-- Data shown --
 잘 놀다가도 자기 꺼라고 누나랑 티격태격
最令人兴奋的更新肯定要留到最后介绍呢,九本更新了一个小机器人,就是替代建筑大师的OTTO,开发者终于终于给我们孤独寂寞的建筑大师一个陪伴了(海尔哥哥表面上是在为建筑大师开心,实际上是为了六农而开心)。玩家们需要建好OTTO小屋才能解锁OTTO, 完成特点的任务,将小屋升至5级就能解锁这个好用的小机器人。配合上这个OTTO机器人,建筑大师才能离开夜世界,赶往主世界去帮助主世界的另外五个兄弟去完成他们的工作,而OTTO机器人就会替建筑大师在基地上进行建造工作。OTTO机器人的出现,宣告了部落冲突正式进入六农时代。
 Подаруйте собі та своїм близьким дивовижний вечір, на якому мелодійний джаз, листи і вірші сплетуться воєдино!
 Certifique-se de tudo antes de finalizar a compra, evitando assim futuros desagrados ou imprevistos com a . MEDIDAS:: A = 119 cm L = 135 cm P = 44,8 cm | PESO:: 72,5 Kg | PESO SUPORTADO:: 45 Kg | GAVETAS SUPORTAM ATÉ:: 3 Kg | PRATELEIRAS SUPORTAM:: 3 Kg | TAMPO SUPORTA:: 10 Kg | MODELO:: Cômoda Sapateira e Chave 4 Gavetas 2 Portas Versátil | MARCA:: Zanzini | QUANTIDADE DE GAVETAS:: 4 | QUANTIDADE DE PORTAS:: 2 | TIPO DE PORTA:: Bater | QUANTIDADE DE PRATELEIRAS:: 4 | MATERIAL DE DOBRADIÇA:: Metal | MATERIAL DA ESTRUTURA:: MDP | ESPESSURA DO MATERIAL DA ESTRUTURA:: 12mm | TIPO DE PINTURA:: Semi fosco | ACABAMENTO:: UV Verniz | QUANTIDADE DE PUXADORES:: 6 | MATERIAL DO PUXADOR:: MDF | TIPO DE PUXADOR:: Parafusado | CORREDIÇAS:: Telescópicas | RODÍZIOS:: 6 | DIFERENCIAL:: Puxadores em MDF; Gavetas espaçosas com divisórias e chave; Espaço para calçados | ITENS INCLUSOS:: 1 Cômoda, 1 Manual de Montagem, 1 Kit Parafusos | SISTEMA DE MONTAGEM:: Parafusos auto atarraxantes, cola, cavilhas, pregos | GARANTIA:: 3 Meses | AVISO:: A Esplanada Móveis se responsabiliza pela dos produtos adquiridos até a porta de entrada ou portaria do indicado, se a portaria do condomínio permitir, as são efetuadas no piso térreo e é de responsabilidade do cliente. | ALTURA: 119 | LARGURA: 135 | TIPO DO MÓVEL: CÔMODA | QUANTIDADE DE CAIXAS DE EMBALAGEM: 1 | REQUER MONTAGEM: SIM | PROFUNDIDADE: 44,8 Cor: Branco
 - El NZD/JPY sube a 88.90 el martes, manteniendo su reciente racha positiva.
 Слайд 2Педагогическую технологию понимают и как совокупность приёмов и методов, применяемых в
---
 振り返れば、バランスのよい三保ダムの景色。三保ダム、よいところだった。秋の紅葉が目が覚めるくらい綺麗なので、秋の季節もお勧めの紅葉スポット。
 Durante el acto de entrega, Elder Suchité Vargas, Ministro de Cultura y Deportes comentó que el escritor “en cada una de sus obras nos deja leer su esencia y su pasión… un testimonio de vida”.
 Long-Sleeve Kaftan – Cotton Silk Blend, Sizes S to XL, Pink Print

-- What to produce --
Look above for the line with "잘 놀다가도 자기 꺼라고 누나랑 티격태격" and the line with "Подаруйте собі та". Retype those two lines and every line between them exactly, adding nothing.

-- Solved problem --
 잘 놀다가도 자기 꺼라고 누나랑 티격태격
最令人兴奋的更新肯定要留到最后介绍呢,九本更新了一个小机器人,就是替代建筑大师的OTTO,开发者终于终于给我们孤独寂寞的建筑大师一个陪伴了(海尔哥哥表面上是在为建筑大师开心,实际上是为了六农而开心)。玩家们需要建好OTTO小屋才能解锁OTTO, 完成特点的任务,将小屋升至5级就能解锁这个好用的小机器人。配合上这个OTTO机器人,建筑大师才能离开夜世界,赶往主世界去帮助主世界的另外五个兄弟去完成他们的工作,而OTTO机器人就会替建筑大师在基地上进行建造工作。OTTO机器人的出现,宣告了部落冲突正式进入六农时代。
 Подаруйте собі та своїм близьким дивовижний вечір, на якому мелодійний джаз, листи і вірші сплетуться воєдино!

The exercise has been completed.